In his later work, on Beethoven, Lockwood is known for manuscript research, especially on Beethoven's sketchbooks and autographs, but also wider frameworks of study His earliest Beethoven research was on the composing score of the Cello Sonata Op. 69, first movement, a rare and remarkable example of Beethoven's radical transformation of a movement at a late stage of composition. There followed other similar studies focused on sources. His biography, entitled Beethoven: The Music and the Life (Norton, 2003), was a finalist for a Pulitzer Prize in biography. Thereafter he published a book on the string quartets with the Juilliard String Quartet members as co-authors, entitled Inside Beethoven's Quartets (2008). In 2013, in collaboration with Alan Gosman, he completed seven years of work on the first critical edition of one of the largest and most revealing of the many surviving Beethoven sketchbooks. The publication, Beethoven's "Eroica" Sketchbook, was issued by the University of Illinois Press in that year. Then followed his book, Beethoven's Symphonies: An Artistic Vision (Norton, 2015) and a critical survey of the broad field of Beethoven biography, from the 1830s to the present, entitled Beethoven's Lives (2020). Most recently his essay on the Beethoven manuscripts in the library of the Juilliard School in New York appeared in a volume describing all the music manuscripts at Juilliard, edited by Jane Gottlieb (2023). The collection includes Beethoven's annotated copy of the Ninth Symphony and both sketches and the full-score autograph manuscript of the Scherzo of the String Quartet in Eb Major, Op. 127. He has also published articles in The New York Review of Books.

==Awards and distinctions==
In 1984, Lockwood was elected to membership in the American Academy of Arts and Sciences, and in 2013 to the American Philosophical Society. A festschrift in his honor was published in 1996. The Lewis Lockwood Award of the American Musicological Society, awarded annually to an exceptional book by a musicologist within ten years of his or her Ph.D., is named in his honor. In 2018 he was elected an Honorary Member of the Beethoven-Haus Verein in Bonn. In the same year he was, with Margaret Bent, the co-winner of the Guido Adler Prize for his contributions to the field of musicology.

==Selected publications==
- Beethoven's Lives: The Biographical Tradition (Woodbridge:The Boydell Press, 2020)
- Beethoven's Symphonies: An Artistic Vision (New York: W.W. Norton, 2015)
- Beethoven's "Eroica" Sketchbook: A Critical Edition: Transcription, Facsimile, Commentary; co-authored with Alan Gosman, 2 vols. (University of Illinois Press, 2013)
- Inside Beethoven's Quartets: History, Performance, Interpretation, co-authored with the Juilliard String Quartet (Cambridge, MA: Harvard University Press, 2008)
- Beethoven: The Music and the Life (New York: W.W. Norton, 2003; paperback 2005); finalist for a Pulitzer Prize in biography; translated into eight languages
- Beethoven: Studies in the Creative Process (Harvard University Press, 1992)
- Music in Renaissance Ferrara, 1400-1505 (Oxford University Press, 1984; revised reprint Oxford University Press, 2008)
- The Counter-Reformation and the Masses of Vincenzo Ruffo (Venice: Fondazione Giorgio Cini, 1970)

In addition, Lockwood is the author of many articles and other publications in both Renaissance and Beethoven studies, and was the founder of the yearbook Beethoven Forum.
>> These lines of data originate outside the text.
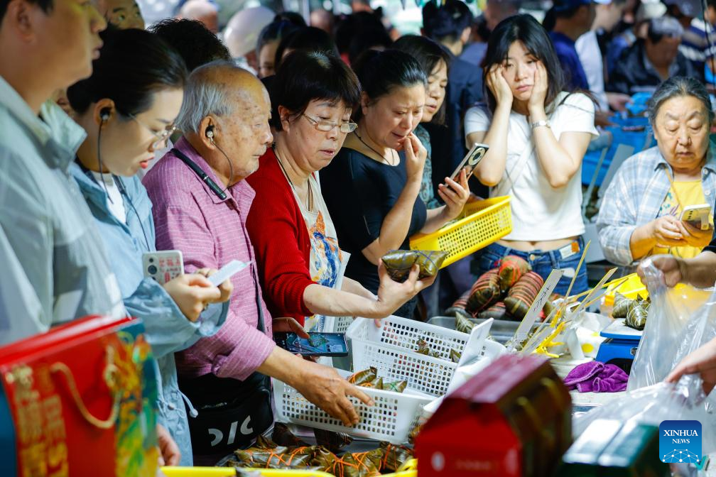 People shop for Zongzi, a traditional Chinese food to mark the Dragon Boat Festival, at a market in Chengdu, southwest China's Sichuan Province, June 7, 2024.?(Xinhua/Shen Bohan)
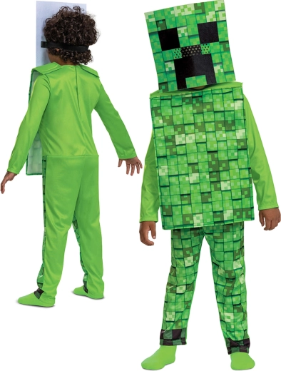 Влезте в света на MINECRAFT с официално лицензирания костюм Creeper, който ще зарадва всички малки почитатели на тази култова игра. Благодарение на характерния зелен пикселиран дизайн и ъгловатата глава детето мигновено се превръща в един от най-известните игрови персонажи.
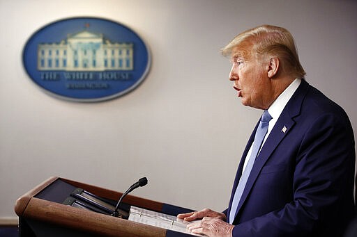 President Donald Trump speaks during a coronavirus task force briefing at the White House, Sunday, March 22, 2020, in Washington. (AP Photo/Patrick Semansky)

A list of his articles and books is included in The New Beethoven (Woodbridge: The Boydell Press), ed. by Jeremy Yudkin (2020), xv-xix. A recent article on the Beethoven manuscripts in the Juilliard School Library in New York City, appeared in "Juilliard School Library: Music Manuscripts & Other Treasures by and for Performers", ed. by Jane Gottlieb and Richard Griscom (Scala Publishers, New York, 2024),51-69.

==Personal life==
Lockwood was married to Doris Hoffmann Lockwood from 1953 until her untimely death in 1992, and they had two children, Daniel Lockwood and Alison Lockwood Cronson. His two grandchildren are Rachel Cronson and Jeremy Cronson. In 1997, he married Ava Bry Penman.